[Date Prev][Date Next] [Chronological] [Thread] [Top]

Re: Database deadlock when adding new entry



On 6/20/06, Aleksandar Milivojevic <alex@milivojevic.org> wrote:
Hi,

I'm experiencing database deadlocks when adding new entry into the
directory.  In short, all works fine for some time, than I attempt to
add new entry into the directory, and LDAP server (slapd) simply
hangs.

If this is not associated with a restart, it sounds like you are hitting the default DB library cache size

 I'm still able to bind to the server, however any operation
after that (read or write) will simply hang.  If I restart slapd, it
hangs while initializing bdb (DB4) backend and never starts listening
on network port.  These are the last entries in log files before slapd
hangs on restart:

Jun 19 11:03:40 ldap1 slapd[20331]: bdb_initialize: Sleepycat
Software: Berkeley DB 4.2.52: (December  3, 2003)
Jun 19 11:03:40 ldap1 slapd[20331]: bdb_db_init: Initializing BDB database

The only way to get out of this that I found so far is to stop slapd,
remove all database files in /var/lib/ldap directory, start slapd and
use ldapadd to readd all the old entries back.

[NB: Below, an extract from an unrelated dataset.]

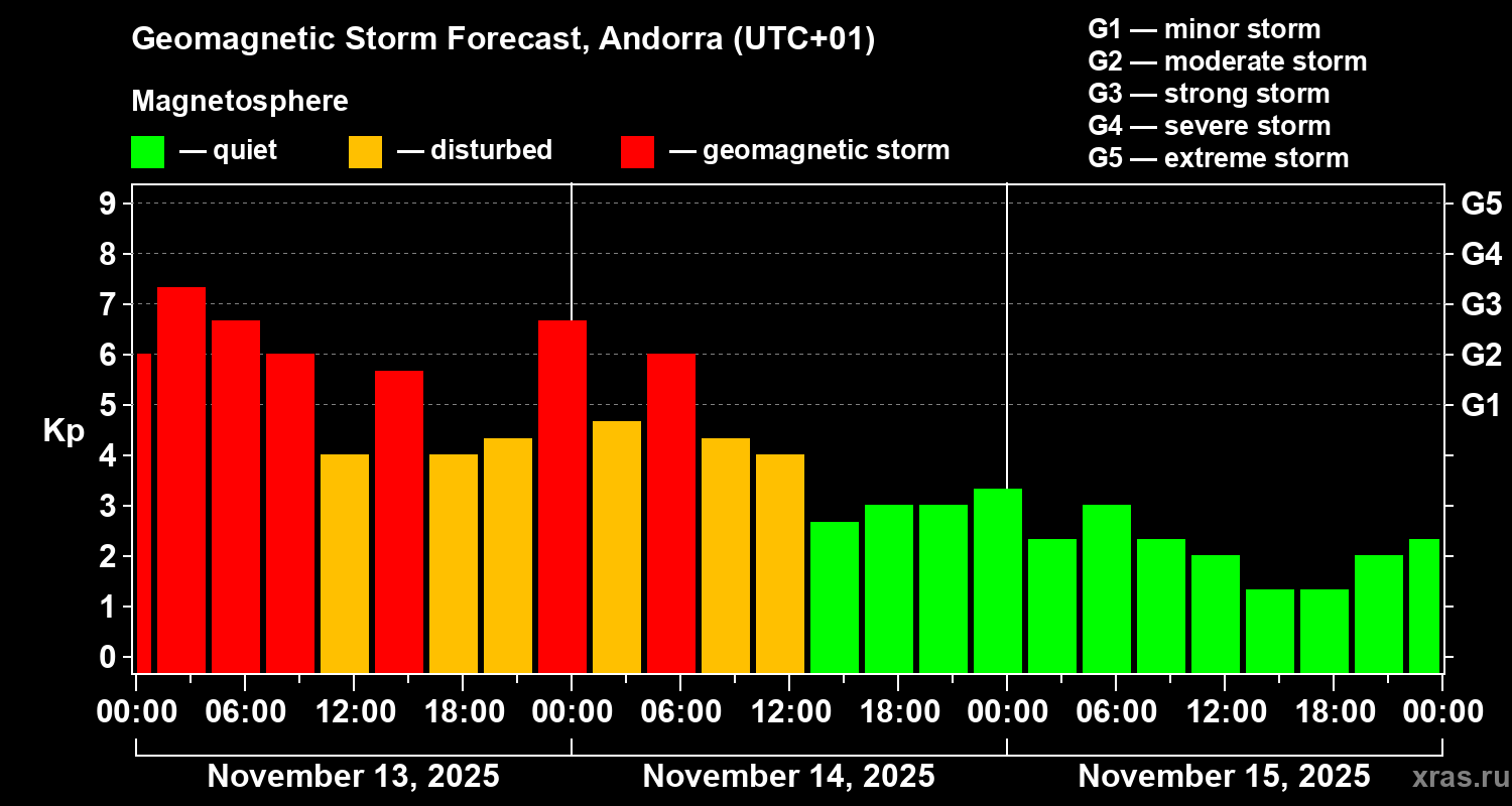 Geomagnetic storm forecast in Andorra for Nov 13, 2025

Running 'db_recover -h /var/lib/ldap' would most likely fix this specific problem.

 If I attempt to add
same entry again, it hangs again.  However, if the same entry is added
using ldapadd with all the old entries, it works!?

I've attempted to reproduce the problem on my testing box.  If I use
ldapadd to add all the old entries (like the way I was reinitializing
database on production box), and than add the new entry, all works
fine.  If I copy the raw database files directly from the production
box, than slapd hangs on startup just like the production box.  So my
guess is that something in the database files got corrupted.

No, they are not corrupt, the database was shutdown uncleanly, and you have not recovered it, and Red Hat's init script does not do it for you, and the version your sitting with does not do automatic database recovery.

(When a filesystem needs to be checked, you don't say it is corrupt
just because you haven't run fsck ..).

The only difference between production and testing box is that
production box is replicated (using syncrepl).  Replication is one
way, all updates are done on the master (the one that hangs), and
slaves (which are read-only) pull the changes.  When the master hangs,
I'm still able to read out data from slaves.

But, eventually they will exhibit the same behaviour.

> I'm using CentOS4 (RHEL4 clone) openldap-2.2.13-4 and db4-4.2.52-7.1
RPM packages.  Database backend is bdb.

Bad idea.

Wondering if this is a known issue (maybe already fixed in current
version of openldap or db4?) or something new?  Anything I might try
changing in slapd or DB4 config?

Firstly, at a minimum: 1)Use DB_CONFIG file, see the FAQ for some discussions on "tuning" (where lack of tuning can prevent your LDAP server from working at all) 2)Enable checkpointing (see the slapd.conf man page) and set a cron job to checkpoint your DB 3)Ensure database recovery is run any time slapd could have been shutdown uncleanly (which is quite likely with the packages you are running).

If you can afford an upgrade, upgrade to 2.3.24, you can try these
packages, which will install in parallel with the original packages
(but, use a decent tool like yum or smart to do so):

http://anorien.warwick.ac.uk/mirrors/buchan/openldap/rhel4/

They ship with an example DB_CONFIG file, the slapd.conf shipped has
an example checkpoint directive, 2.3 does checkpointing (no need for a
cron job) and 2.3 does automatic database recovery.

We're running 2 sets of production LDAP servers on these packages (or
the previous ones), one set with ~ 60 000 entries, one set with ~ 600
000 entries.

Regards,
Buchan